**Problem**: Once the pictures are set aside, transcribe each line of the data exactly.

**Supplied information**:
========================================
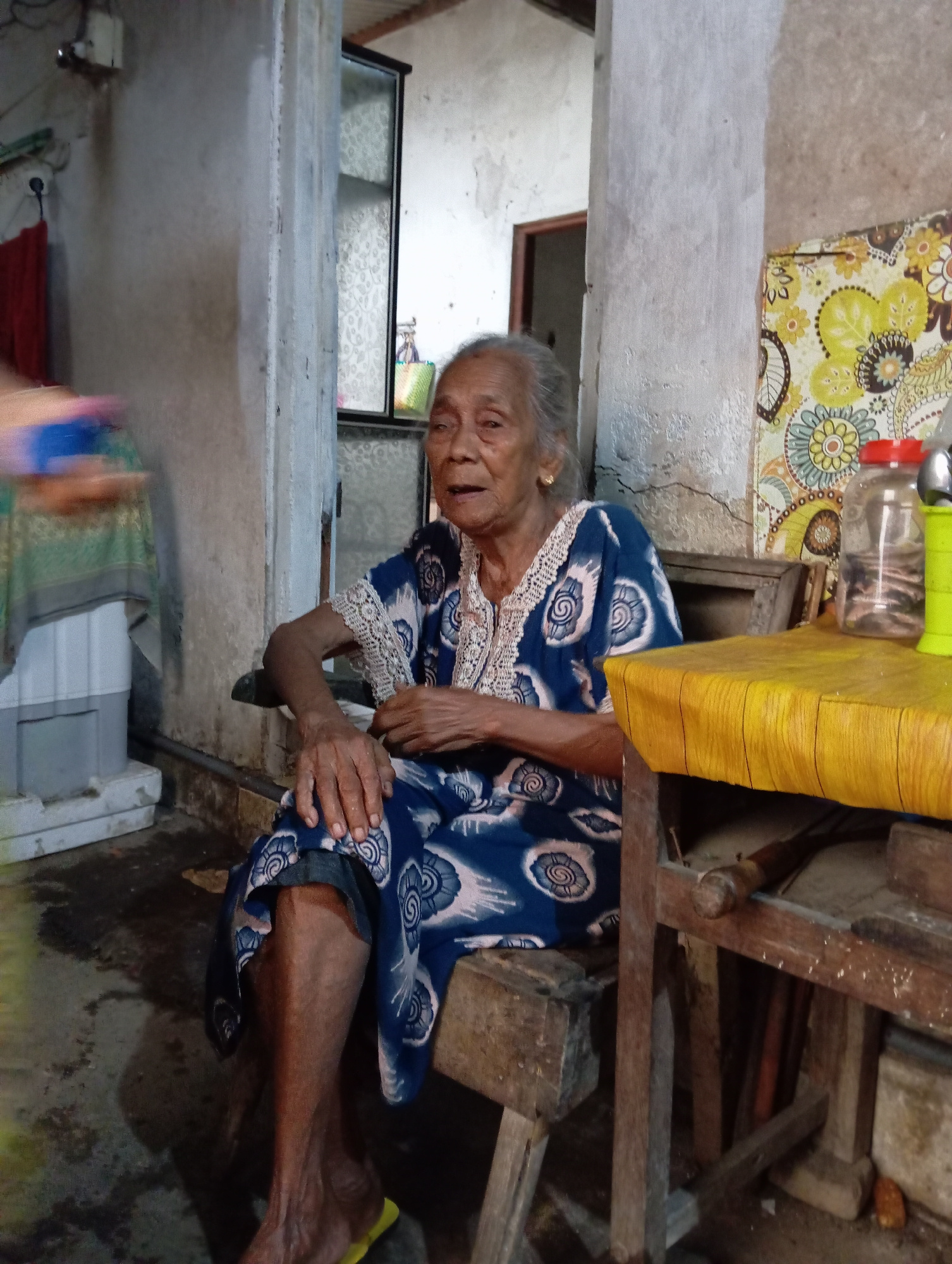 A rotated medium shot depicts an elderly woman in Baron, Indonesia. She is seated on a wooden stool, wearing a blue floral dress with lace trim, and appears to be adjusting her clothing. She has grayβ¦read more
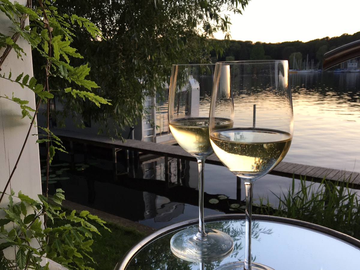 Oasis frente al lago en Berlín-Kladow con embarcadero privado y acceso privado al agua. La casa tiene dormitorio, cocina/cocina abierta y totalmente equipada y un baño. Estacionamiento gratuito frente a la propiedad. El lago de natación más limpio de Berlín. A solo 30 minutos en auto del Ku'damm o en 15 minutos de Potsdam. Bien conectado con transporte público, supermercados y panaderías cerca. Muchos restaurantes agradables y el muelle del ferry a Wannsee cerca. (Número de registro oficial: 05/Z/AZ/010374-22)
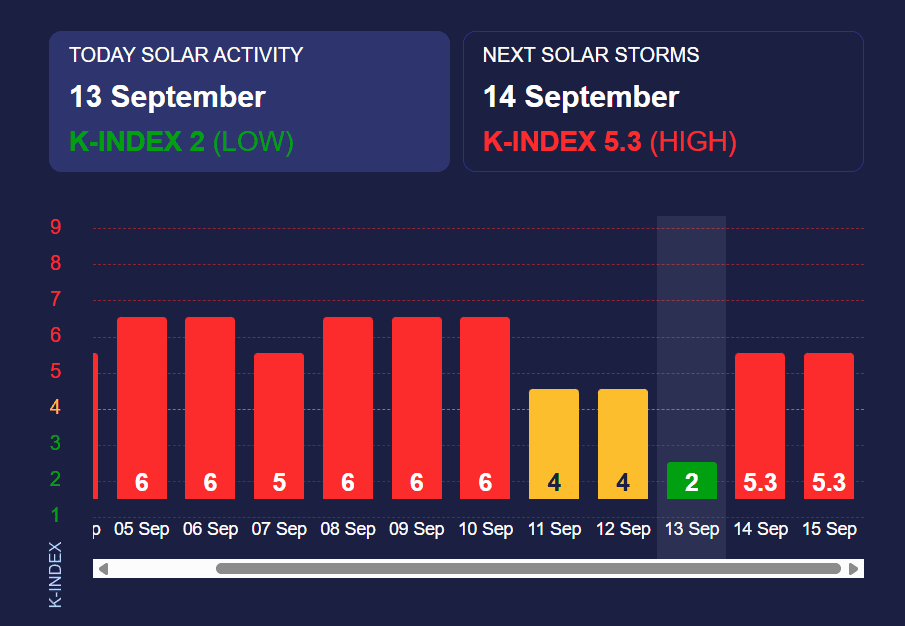 У неділю, 13 вересня, Україну очікує потужна магнітна буря. Активність Сонця зросла і досягне червоного рівня — К-індексу 5.3. Це свідчить про значні космічні процеси, що впливають на Землю.
========================================
**Response area**:
 A rotated medium shot depicts an elderly woman in Baron, Indonesia. She is seated on a wooden stool, wearing a blue floral dress with lace trim, and appears to be adjusting her clothing. She has grayβ¦read more
 Oasis frente al lago en Berlín-Kladow con embarcadero privado y acceso privado al agua. La casa tiene dormitorio, cocina/cocina abierta y totalmente equipada y un baño. Estacionamiento gratuito frente a la propiedad. El lago de natación más limpio de Berlín. A solo 30 minutos en auto del Ku'damm o en 15 minutos de Potsdam. Bien conectado con transporte público, supermercados y panaderías cerca. Muchos restaurantes agradables y el muelle del ferry a Wannsee cerca. (Número de registro oficial: 05/Z/AZ/010374-22)
 У неділю, 13 вересня, Україну очікує потужна магнітна буря. Активність Сонця зросла і досягне червоного рівня — К-індексу 5.3. Це свідчить про значні космічні процеси, що впливають на Землю.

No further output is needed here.